Penyampaian materi oleh Dosen Psikologi UNAIR, Rizqy Amelia Zein SPsi MSc PhD Candidate (Foto: Tangkapan layar Zoom Meeting)
Penyampaian materi oleh Dosen Psikologi UNAIR, Rizqy Amelia Zein SPsi MSc PhD Candidate (Foto: Tangkapan layar Zoom Meeting)

UNAIR NEWS – Wujudkan forum untuk bertukar gagasan dan pandangan dalam bidang psikologi, Fakultas Psikologi (FPsi) Universitas Airlangga (UNAIR) gelar International Virtual Symposium 2025. Kegiatan ini berlangsung selama tiga hari mulai dari Selasa (24/6/2025) hingga Kamis (26/6/2025). Pada hari pertama simposium, salah satu bahasannya berfokus pada diskursus koeksitensi sains-agama dan resiliensi trauma.

Pada penyelenggaraan hari pertama, hadir sebagai pemateri Dosen Psikologi UNAIR, Rizqy Amelia Zein SPsi MSc PhD Candidate dan Spesialis Kesehatan Mental, Anna Tajminah Basman PhD Candidate dari International Islamic University of Malaysia. Masing-masing membawakan materi tentang perpaduan antara penjelasan ilmiah dan agama dengan pendekatan psikospiritual terhadap pertumbuhan pasca-trauma. 

Dalam penjelasannya, Rizqy menjelaskan bahwa materi yang ia sampaikan sangat relevan dengan pengalaman kehidupan sehari-hari. “Pembahasan ini akan menjadi sesuatu yang menarik. Dalam pembahasan ini, saya tidak akan mencoba meyakinkan Anda jika sains dan agama memiliki substansi yang kompatibel karena ini tergantung pada persepsi,” ucapnya. 

Menurut Rizqi, penjelasan koeksistensial adalah sebuah fenomena ketika orang dengan perbedaan umur dan budaya menjelaskan fenomena dengan pendekatan sains dan agama. “Banyak orang dari berbagai negara, budaya, bahkan umur terlibat dalam kedua penjelasan (sains dan agama, red) meskipun keyakinan terhadap sains lebih dominan,” jelasnya. 

Alih-alih memilih salah satunya, penelitian terbaru mengungkapkan bahwa individu lebih cenderung menggabungkan penjelasan ilmiah dan religius secara pragmatis.
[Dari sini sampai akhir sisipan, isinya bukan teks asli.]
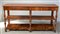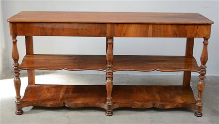 Grande consolle lastronata in noce con due cassetti nella fascia, montanti torniti e piani inferiori sagomati (cm 202x102x56) (difetti e restauri)

Fenomena ini menggambarkan bahwa manusia mampu memanfaatkan kedua kerangka berpikir sesuai dengan konteks maupun kebutuhan. 

“Mereka berusaha pragmatis dengan mengambil yang menarik dari keduanya. Jika cocok bisa menggunakan sains. Apabila sesuai dengan konteksnya, bisa menggunakan keyakinan religius. Jadi ini bukan tentang satu menentang lainnya, tapi kita terlibat di dalam keduanya dan terdapat pola dalam keterlibatannya,” ungkapnya. 

Dalam penyampaian berikutnya oleh Anna, ia memaparkan penelitiannya. Ia mengungkapkan bahwa terdapat krisis trauma pekerja kemanusiaan secara global yang berdampak sistemik. Ia menyebutkan penelitian Cardozo pada 2012 menerangkan bahwa trauma pekerja mengganggu kualitas bantuan kemanusiaan yang mereka bisa berikan. 

Ia juga menjelaskan bahwa penelitiannya ini berfokus pada post traumatic growth (PTG). Hakikatnya, PTG adalah transformasi positif yang kita alami setelah mengalami trauma. “Biasanya, ketika kita membicarakan trauma, kita hanya fokus pada aspek negatifnya. Seperti dampak kesehatan mental negatif seperti depresi, kecemasan, stres, atau bahkan gangguan stres pasca-trauma. Namun, dalam penelitian ini, kita ingin fokus pada transformasi positif, yaitu PTG,” ujarnya. 

Menurut Anna, ada beberapa upaya yang bisa dilakukan untuk menciptakan transformasi positif. “Program dukungan trauma harus sensitif secara kultural, khususnya untuk Muslim. Menurut Lodin, shalat, dzikir, dan penerimaan takdir serta pemaknaan baru dapat memberikan sebuah fasilitas agar tercipta transformasi positif,” sebutnya.